→ Required action: Would you set down the data that follows, word for word, without any pictures?

→ Dataset extract:
========================================================================
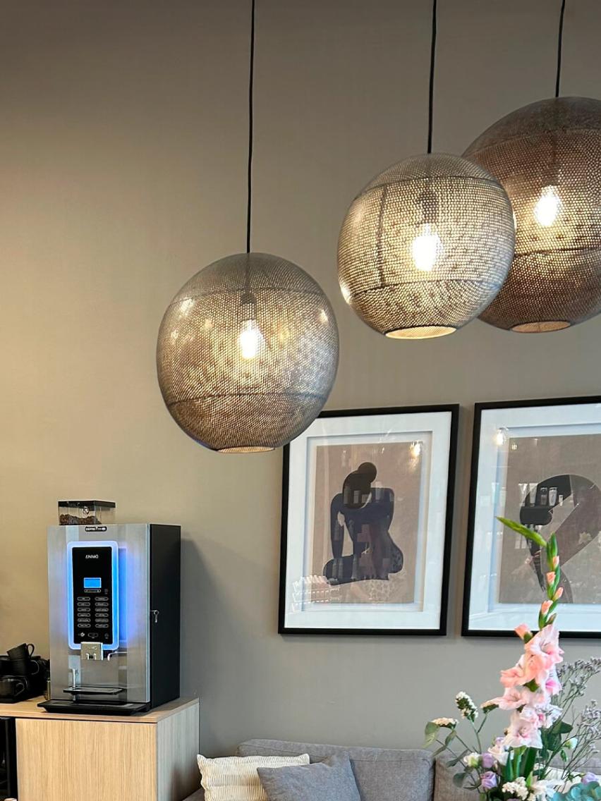 That’s why Kamilla chose the already mentioned cognac-coloured lounge chairs, lamps, and nesting tables in perforated iron, as well as matching cognac-coloured bar stools for the decoration of the waiting area.
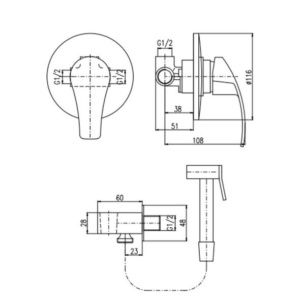 Комплектация: смеситель, лейка, шланговое подключение с держателем лейки, шланг, внутренняя часть
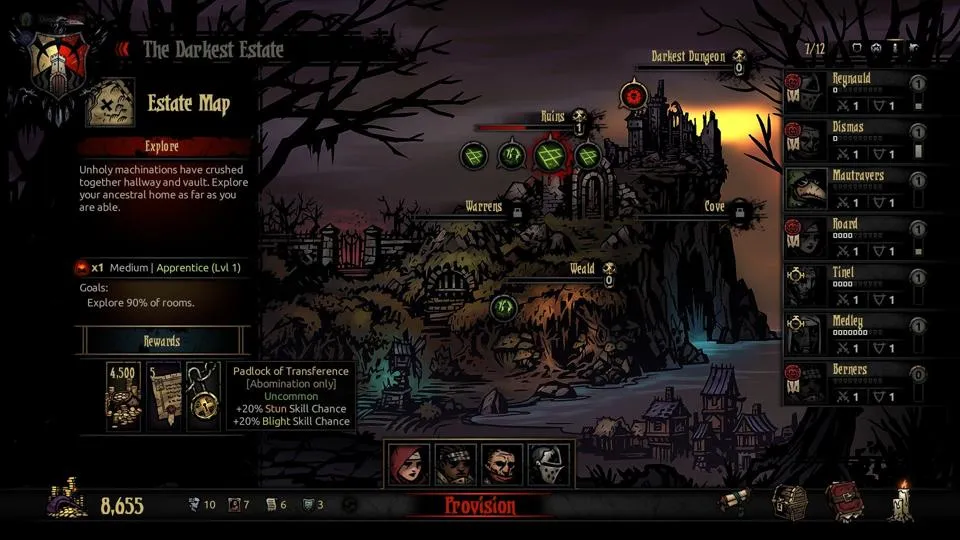 The actual dungeon crawls represent the bulk of gameplay. Players traverse procedurally generated dungeons, fighting monsters, disarming traps, and collecting loot. They have limited inventory space, and so must make choices between things like having light and food, or scampering out of the dungeon, laden with fun treasures. In many ways, Darkest Dungeon is also an inventory management game, with players needing to make decisions about how much they’re willing to sacrifice, and what risks they’re willing to take with the limited space available to them.
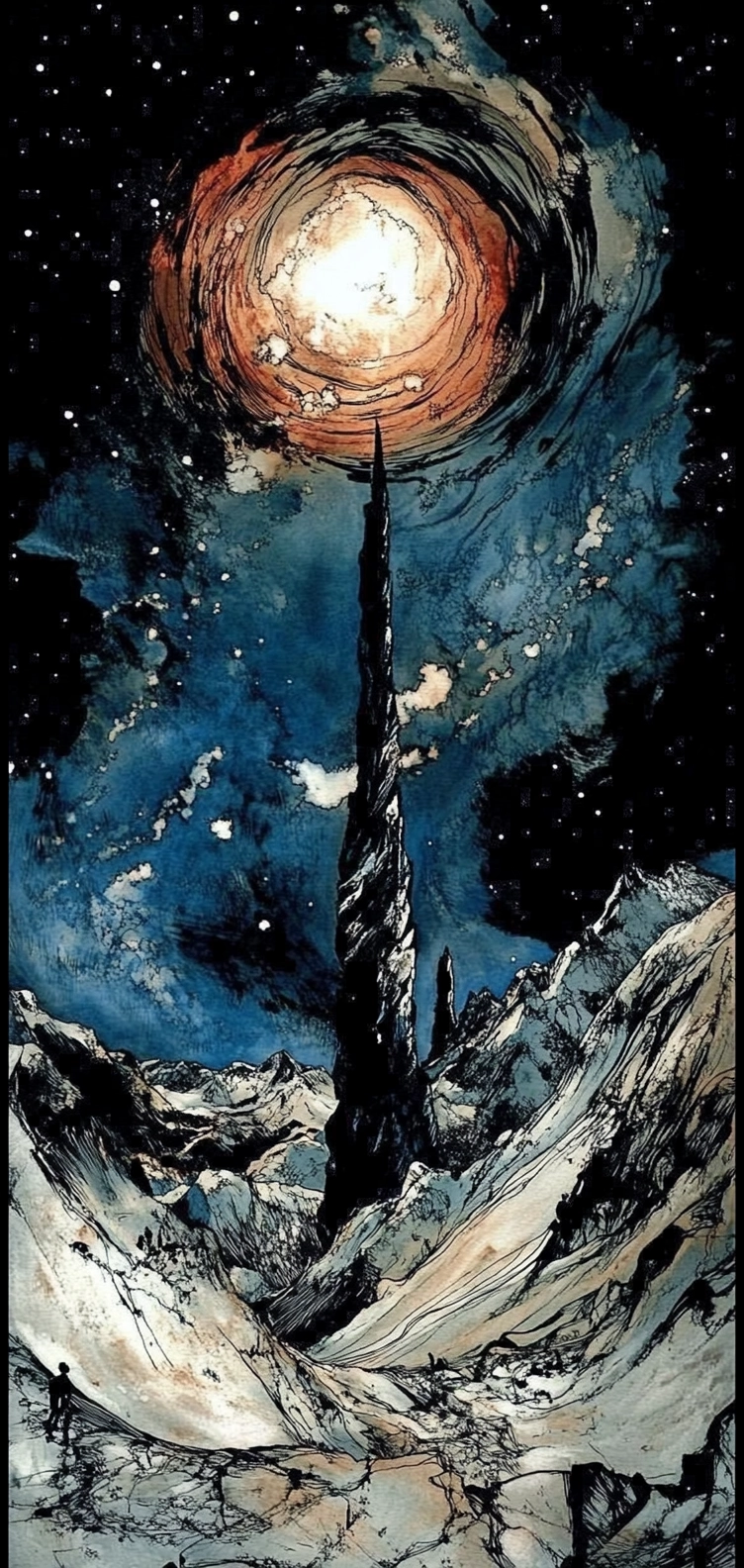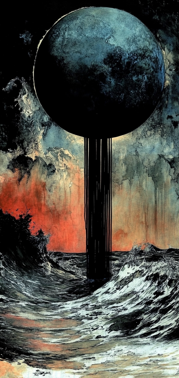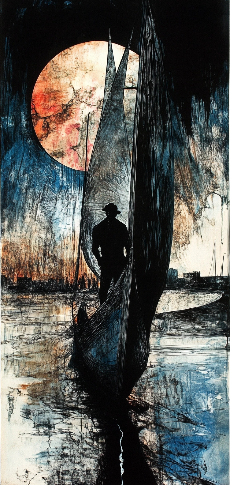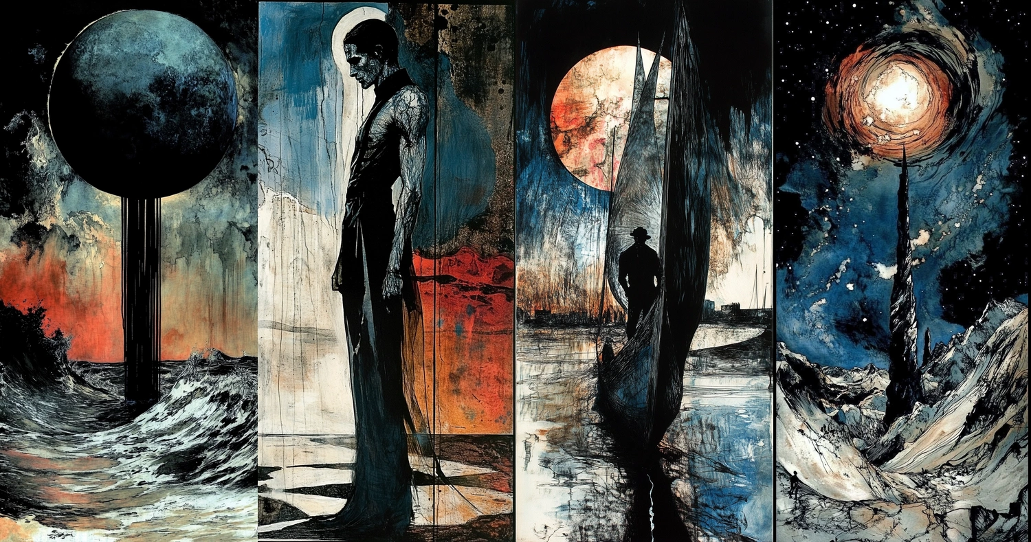 The artwork employs bold lighting effects that create a dramatic play of light and shadow. The colors are deep and intense, with strong contrasts between dark black, vivid red, and rich blue. The spatial sense is emphasized through sharp outlines and the detailed textures that bring the scenes to life.
========================================================================
→ Answer:
 That’s why Kamilla chose the already mentioned cognac-coloured lounge chairs, lamps, and nesting tables in perforated iron, as well as matching cognac-coloured bar stools for the decoration of the waiting area.
 Комплектация: смеситель, лейка, шланговое подключение с держателем лейки, шланг, внутренняя часть
 The actual dungeon crawls represent the bulk of gameplay. Players traverse procedurally generated dungeons, fighting monsters, disarming traps, and collecting loot. They have limited inventory space, and so must make choices between things like having light and food, or scampering out of the dungeon, laden with fun treasures. In many ways, Darkest Dungeon is also an inventory management game, with players needing to make decisions about how much they’re willing to sacrifice, and what risks they’re willing to take with the limited space available to them.
 The artwork employs bold lighting effects that create a dramatic play of light and shadow. The colors are deep and intense, with strong contrasts between dark black, vivid red, and rich blue. The spatial sense is emphasized through sharp outlines and the detailed textures that bring the scenes to life.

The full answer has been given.